As for games installing on internal memory instead of the cart, yes, it works like all other downloads. The game that have partial data on disc, or any update that’s downloaded. Or every single PS / Xbox game because they can’t run directly from optical drive, so you have to copy the full data, download the updates, and still can’t play without the disc.
You shouldn’t think of a “digital” game. Those who want digital will just download digital. You should think of it as a physical game that has very little data on cart and rest is all a download (like Doom: Dark Ages shared below, just 85MB on disk, rest is a download)
The biggest con IMO is that some companies who were willing to release a cart with full or partial data may decide to go for the game-key cart since it’s a official thing now, and average people buying it may not see any difference. So, I hope the collectors vote with wallet and ask the publishers to release full game on disk instead of using game-key carts.
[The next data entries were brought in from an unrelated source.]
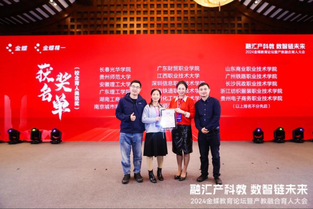 2024年11月10日—11日,2024金蝶教育论坛暨产教融合育人大会在浙江杭州隆重举行。我校经济管理学院院长占跃华和教研室主任陈小秀参会,并荣获金蝶软件(中国)有限公司颁发的“校企育人典范奖”。
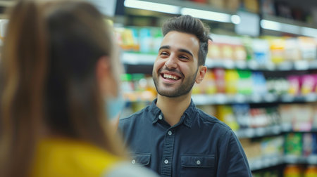 Male cashier with curly hair is happily engaging with customer at grocery store checkout, creating a warm atmosphere of customer service and connection
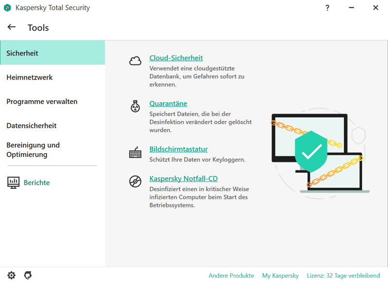 Sie können die Kaspersky-Tarife 31 Tage lang kostenlos in vollem Funktionsumfang testen. Es gibt eine 14-tägige Geld-zurück-Garantie.
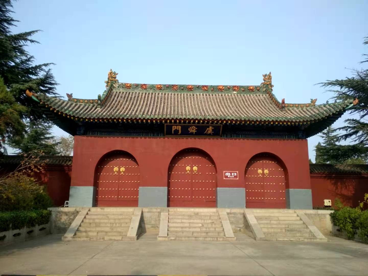 的立体雕塑,再往前是石刻的二十四节气图,二十四节气图的尽头过了金水桥,就是尧庙的正门了。正门的西边是虞舜门,
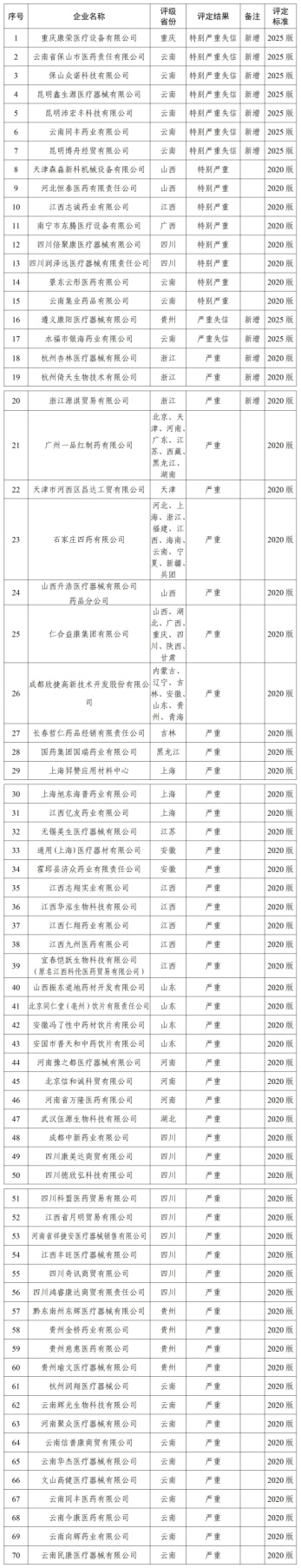 注1:《醫(yī)藥價(jià)格和招采信用評(píng)價(jià)的操作規(guī)范(2025版)》自2025年第三季度起執(zhí)行,“嚴(yán)重失信”及“特別嚴(yán)重失信”等級(jí)按2025版標(biāo)準(zhǔn)評(píng)定,其余等級(jí)按2020版標(biāo)準(zhǔn)評(píng)定。
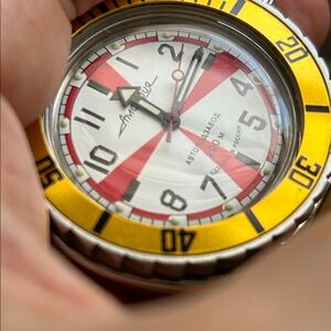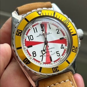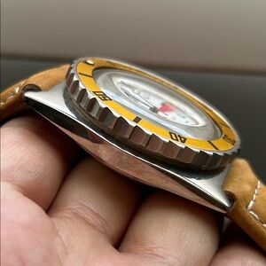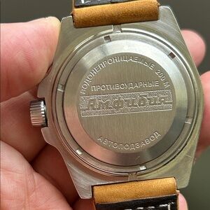 ▪️Tan leather straps/ Shock-resistant 👍🏻/ Water resistance 200m/ Functions: Sensitive watch with a central second hand/ Acrylic top/ The watch's power reserve lasts for 31 hours after a full winding/ Rotating Bezel
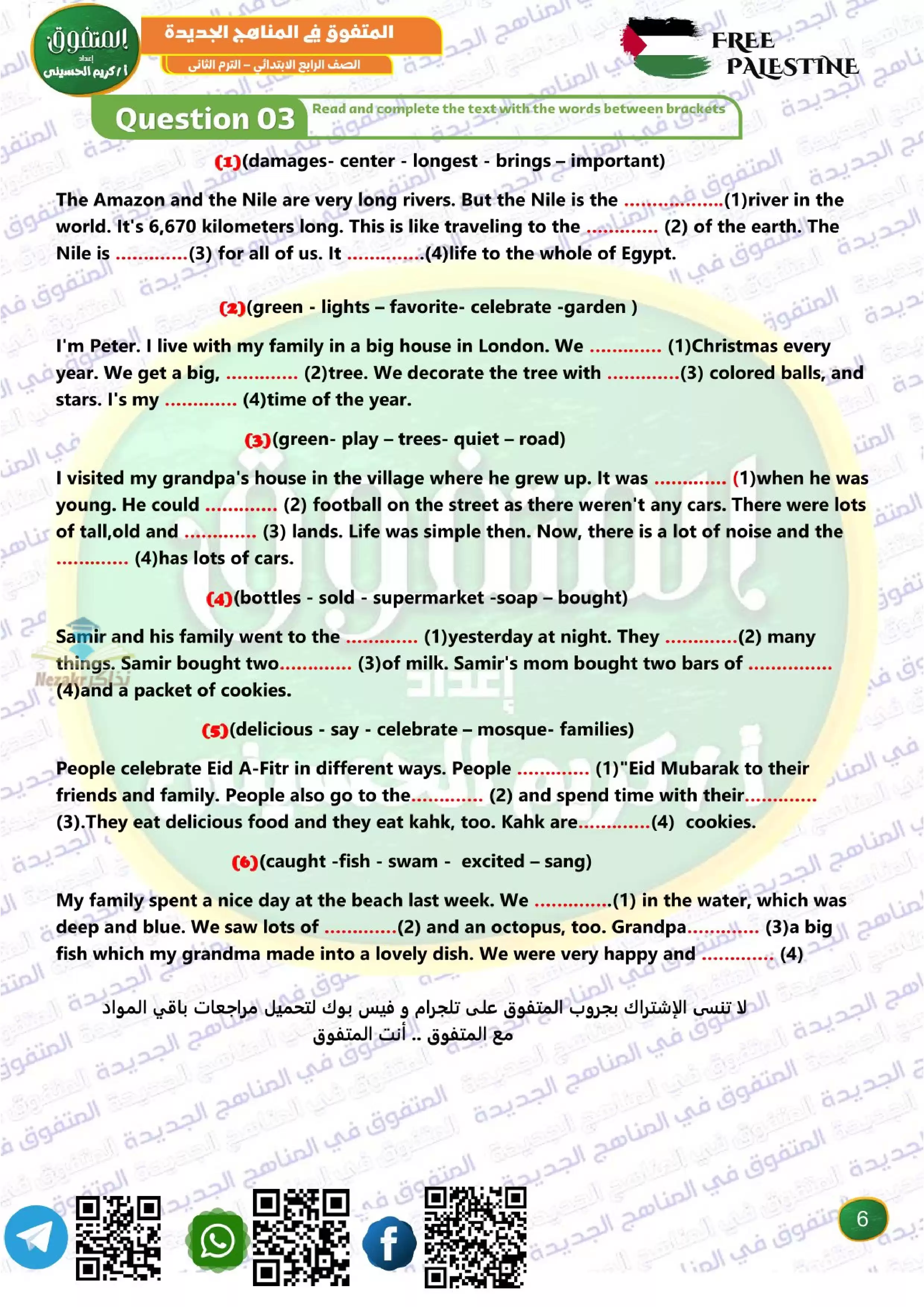 صفحة 6 من 18 صفحة من ملف: مراجعة المتفوق لشهر فبراير في اللغة الإنجليزية (Cennect 4) لرابعة ابتدائي من إعداد مستر كريم الحسيني - Nezakr
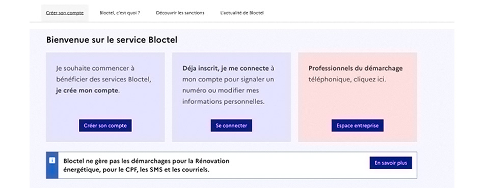 Inscrivez-vous sur les listes d’opposition au démarchage téléphonique, comme Bloctel. Bloctel est un service gratuit d’opposition téléphonique mis en place par l’État. Cela permet de réduire considérablement le nombre d’appels indésirables, sur votre téléphone portable ou votre téléphone fixe. Mais Bloctel ne bloque pas les SMS indésirables : il ne s’occupe que des appels.

So it’s a digital game with a physical lockout? All the problems of digital AND The problems of physical, with no true upside from either, how great!
The (only) advantage of Game Carts over digital is that you can resell them and lend them to people outside of your (digital) family.
The point is that you can still treat it like a physical game. So there are upsides in that you can borrow it to your friends or resell it.
If it is a game that gets updated often or requires updates to even play it (multiplayer games) then having the game data on the card is next to worthless anyways and just makes publishing the game more difficult because they can’t start manufacturing the cards until the game is 100% ready.
Nintendo’s audience goes for physical much more than the other consoles, much easier swapping cards than dealing with family sharing, a lot of their adult users collect games, and generally Nintendo games hold their value much more so being able to resell is important. So this is a compromise between what their users want and what they need for modern game development.
Slippery slope for sure if they start doing the same with single player games but there are valid reasons for them to do this, and the alternative is they just start forcing everyone to download all of their games which is even worse. MIG switch would never have been an issue for them if there just weren’t game card slots to begin with.
Of course end users should assume the store is going to get shutdown someday and their games will be inaccessible at that time. Nintendo needs to shutdown those stores so that a couple of generations later they can sell everyone the same games for the second/third/fourth time.
That’s not all I wrote, but yeah, I just shared my opinion and you don’t have to agree with any of it. If you don’t like it, you don’t like it.
It’s the important bit. You’re trying to make these sound good when they’re literally the worst of both worlds, you weird Nintendo fanboy
How are they worst of the digital world? No one who wants a digital will buy game-key cart, they will just go to e-shop and buy / download the game. This will effect the ones who buy physical though, and I did mention that.
Anyways, I don’t mind discussing my point of view, as I said, it’s my opinion, you can agree or disagree, and maybe my logic is flawed, but if you just want to ignore that and run away with one sentence, that’s also your right, and I can’t do anything about it. 🙂
I bought the BG3 deluxe edition, which promises game on disk, soundtrack, etc.
They delivered on everything except…the game disk is 26mb. It’s a branded steam installer for you to install so you can use the steam key they provided in the box. I have never before been so disappointed in a ‘physical’ game purchase.
I haven’t bought physical in a while, but hearing about such stories more and more. It sounds specially annoying when they do that with collectors edition. These are their hard-core fans / customers, at least don’t short-change them.